Not that this should come as much of a surprise, but the Supreme Court ruled moments ago that it would not stop the US military from enforcing “don’t ask, don’t tell” while appeals of a district court decision proceed:

The Supreme Court is refusing to block enforcement of the “don’t ask, don’t tell” policy on gays in the military while a federal appeals court considers the issue.

The court on Friday denied a request from the Log Cabin Republicans, a gay rights group, to step into the ongoing federal court review of “don’t ask, don’t tell.” The Obama administration urged the high court not to get involved at this point.

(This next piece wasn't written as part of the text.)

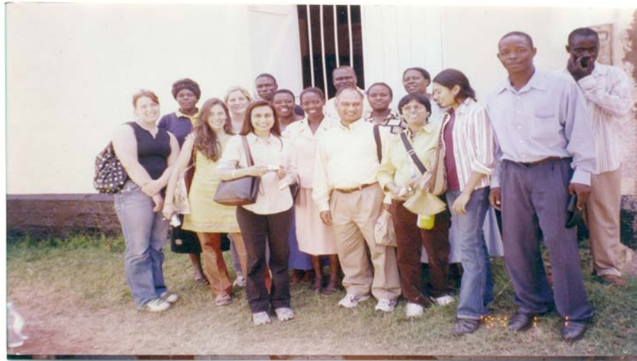
Hospice Jinja Staffs and the visitors from Himalayan Institutes and VITAS

As I wrote when the 9th Circuit applied an injunction that prevented the court’s ruling on DADT constitutionality from being enforced, a later reversal could have deep ramifications for all concerned.   Service members who revealed their orientation might put themselves in position for expulsion if the Supreme Court eventually overturned the ruling.  The military would have had a monumental headache in dealing with openly gay recruits who enlisted during that period of time if DADT was upheld — and without any action from Congress, the Pentagon would have been legally obligated to enforce those consequences.

But probably not for long.  The report from the Pentagon on DADT will be released on December 1, and Defense Secretary Robert Gates has already begun laying the groundwork for its repeal.  If the lame-duck Congress doesn’t dismantle it, the 112th Session will, especially if the Pentagon backs the move.  This court case will likely be moot before the Supreme Court reviews it in full.